Why have not bank voles evolved sex-specific gene expression to resolve this sexual conflict for fitness? First, most genes are, to some degree, pleiotropic [66–68] and such constraints may hinder the resolution of sexual antagonism [69]. Owing to the multiple functions of T and thus complex selective pressures, we predict that pleiotropic constraints are likely to be strong on T as highlighted by Schroderus et al. [45]. Second, female bank voles are known to mate polyandrously, producing litters with multiple sires [39], a strategy that may alone mitigate the disparity between progeny quality [70]. However, when sire genotypes have differential fitness effects on sons versus daughters, female side-blotched lizards, Uta stansburiana, are capable of altering progeny sex ratio accordingly [17,26,71]. We also found evidence for cryptic sex ratio bias in bank voles as the litters of high-quality females (LL: high fecundity) were biased towards daughters and low-quality females (HH: low fecundity) towards sons (figure 4). This raises the possibility of whether females could actively bias their litter sex ratio to increase their fitness either through daughters or sons as a function of their genotype, or whether differential litter sex ratios between maternal lines are a physiological response to female circulating T levels.

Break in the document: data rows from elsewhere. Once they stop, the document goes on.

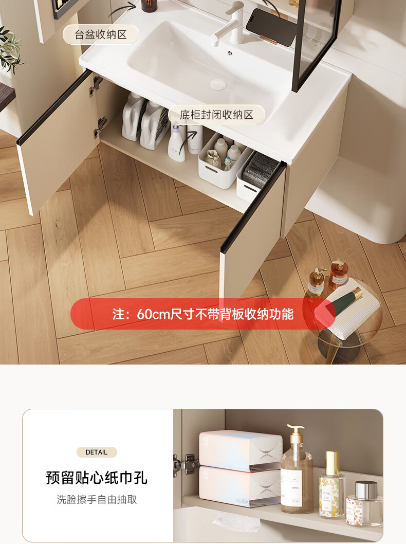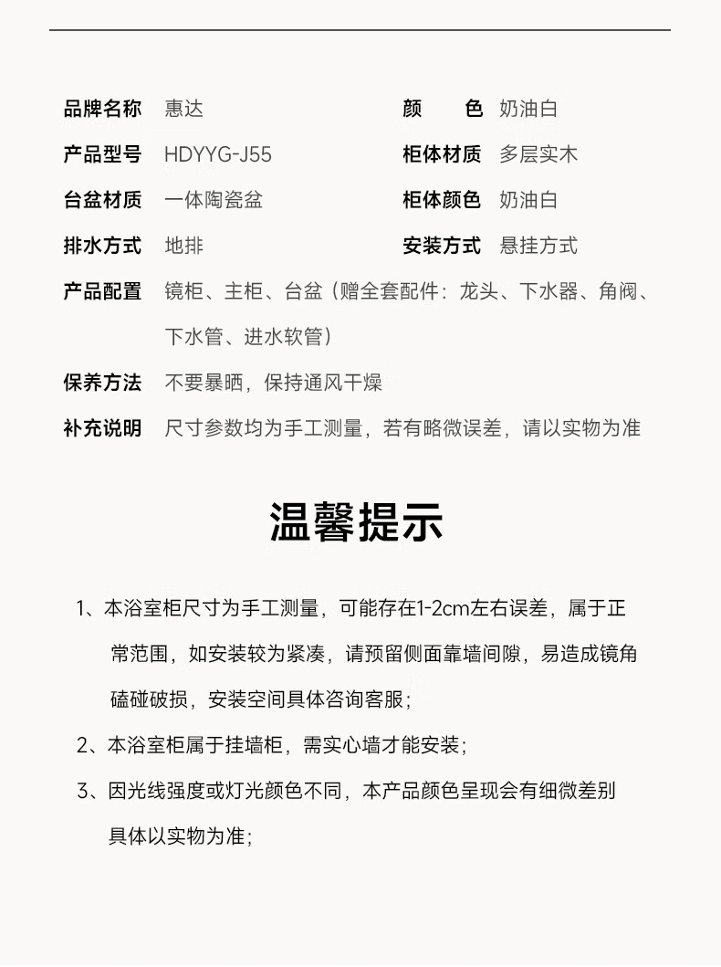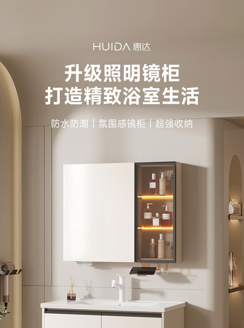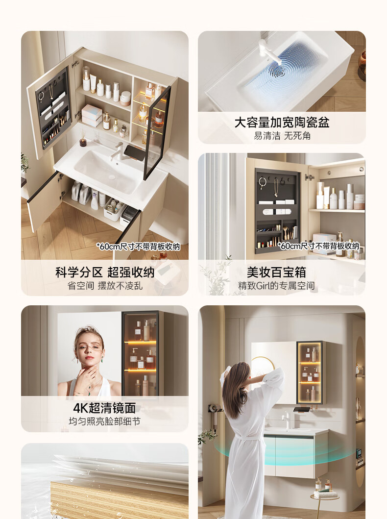 惠达(HUIDA)智能浴室柜陶瓷一体盆卫生间洗脸盆柜组合J55 70cm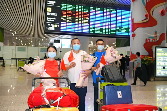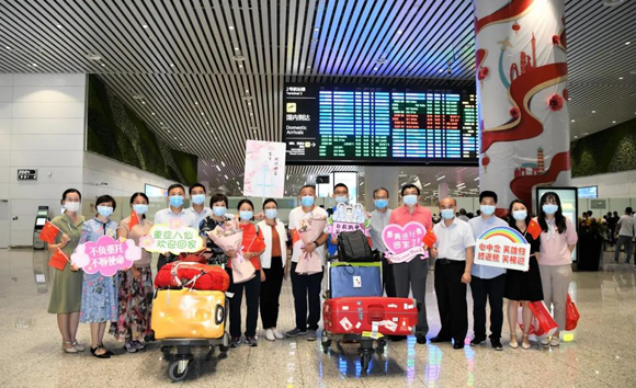 医院党委书记骆腾,院长助理金玉善及党办、院办、医务处、后勤处、重症医学科同事到白云机场迎接抗疫英雄回家(图片来源:附属第一医院)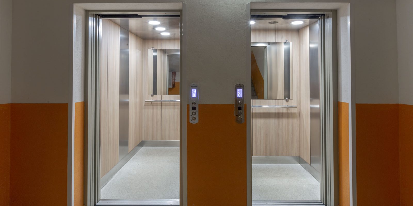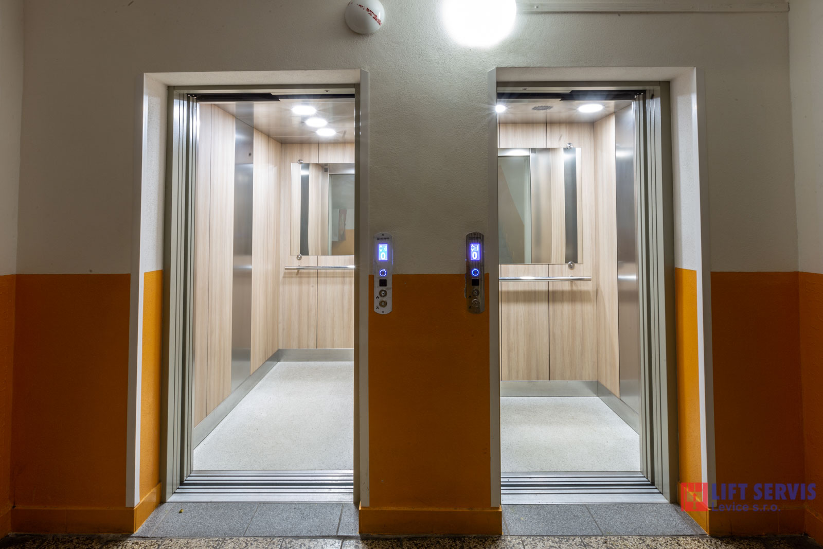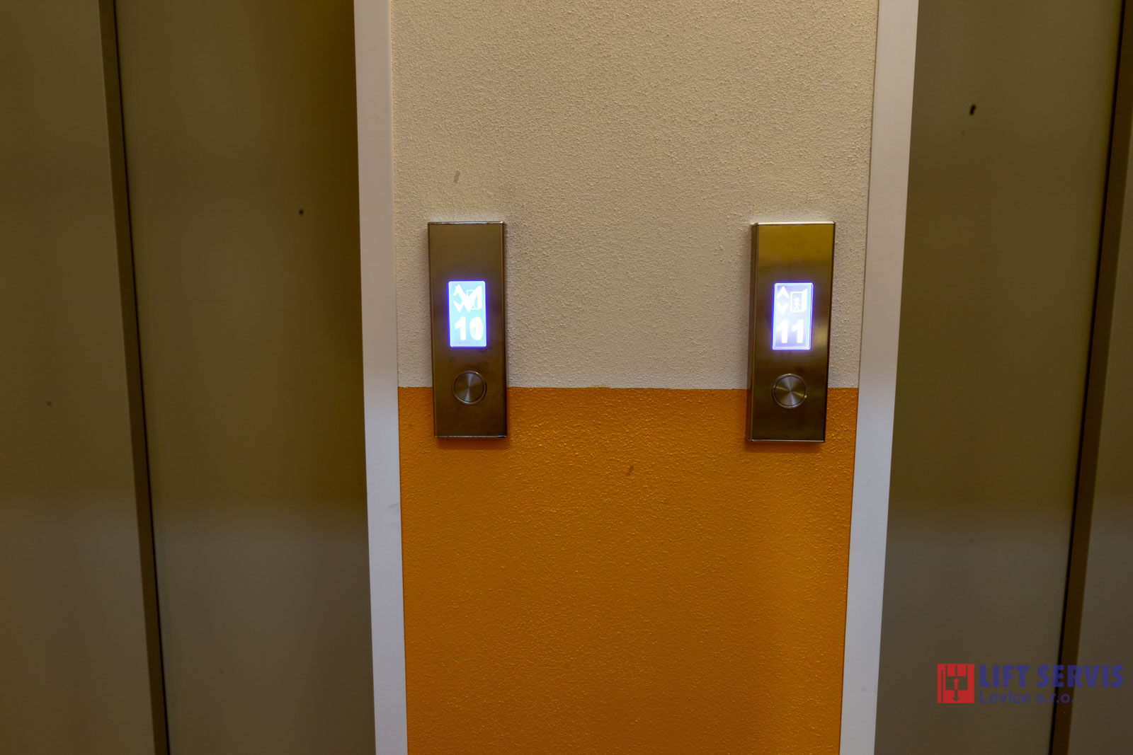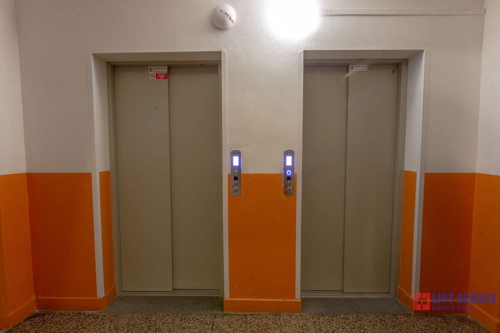 Jedná sa o kompletnú výmenu výťahov v bytovom dome Perecká 1 Levice. Pôvodný osobný výťah typ TOV 320 kg bol nahradený novým typom TOV 450 kg a nákladný výťah TONV 500 kg bol nahradený novým typom TOV 1000 kg. Výťahy sú zapojené v režime blokovania súbežných jázd, t.j. z jednej nástupnej stanice sa nedajú privolať súčasne obidva výťahy.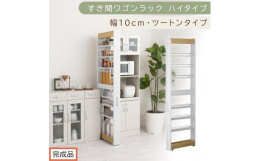 ■【ふるさと納税】【完成品でお届け】すき間ワゴンラック ハイタイプ〔幅10cm・ツートンタイプ〕(オーク×ホワイト)隙間収納 キッチン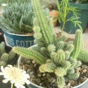 花の時期は終わったけど、ニョロニョロかわいい白檀🌵どんどん増えてね~♨ ところで白檀の鉢からスクスク出てきたこの葉っぱは何者?抜いちゃっていいのかな…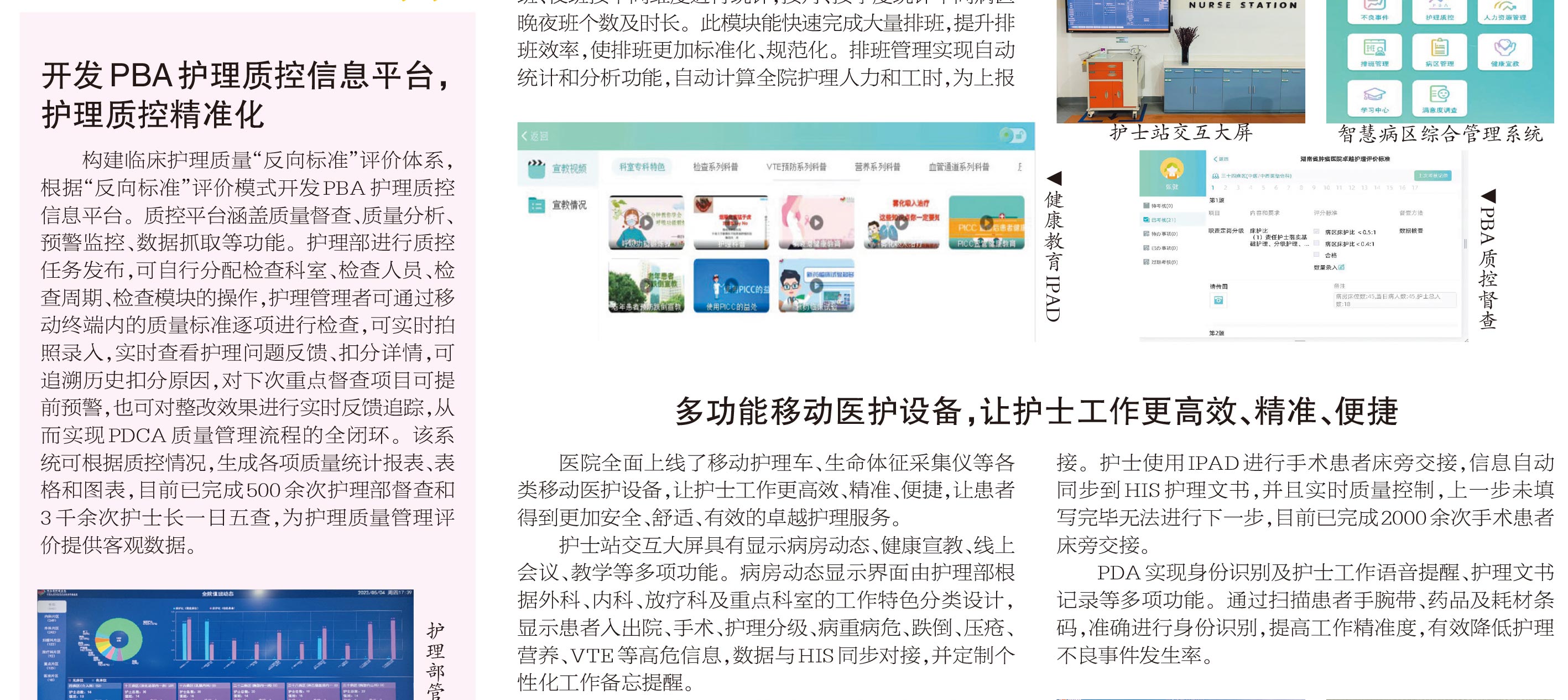 北京天坦智能全面建設湖南省腫瘤醫(yī)院智慧護理,從醫(yī)院頂層設計制定“智慧病房”建設項目,深耕細作開發(fā)出集護理管理和臨床服務為一體的智慧病區(qū)綜合管理平臺,為臨床提供便捷、精準、高效的信息系統(tǒng)支撐,實現(xiàn)護理質(zhì)控精準化、護理管理數(shù)據(jù)化,促進醫(yī)院護理高質(zhì)量發(fā)展。

The bank vole is naturally exposed to considerable sources of spatial and temporal environmental variation creating a variable selective environment that may partly resolve the negative correlation in fitness between siblings. Bank vole population densities fluctuate with distinct density cycles in northern Fennoscandia [72] and a genotype-by-environment interaction has been found on male bank vole reproductive success [41], thus under changing environmental conditions the correlation between sibling fitness may vary. Bank voles also show a phenotypic and genetic trade-off between immune response and T [43–45] and measures of immunity differ across density cycles [73]. Therefore, selection on different immune-related traits is likely to differ between peak and crash years with concomitant effects of fitness and its correlation between the sexes. Recent theoretical and empirical data also highlights that genetic variation in sexually antagonistic traits can be maintained via negative frequency-dependent selection [74]. Variable selection environments may select for different traits in one or both of the sexes, potentially altering the correlation in fitness between them, and may thus play a role in maintaining the negative correlation in fitness between bank vole siblings.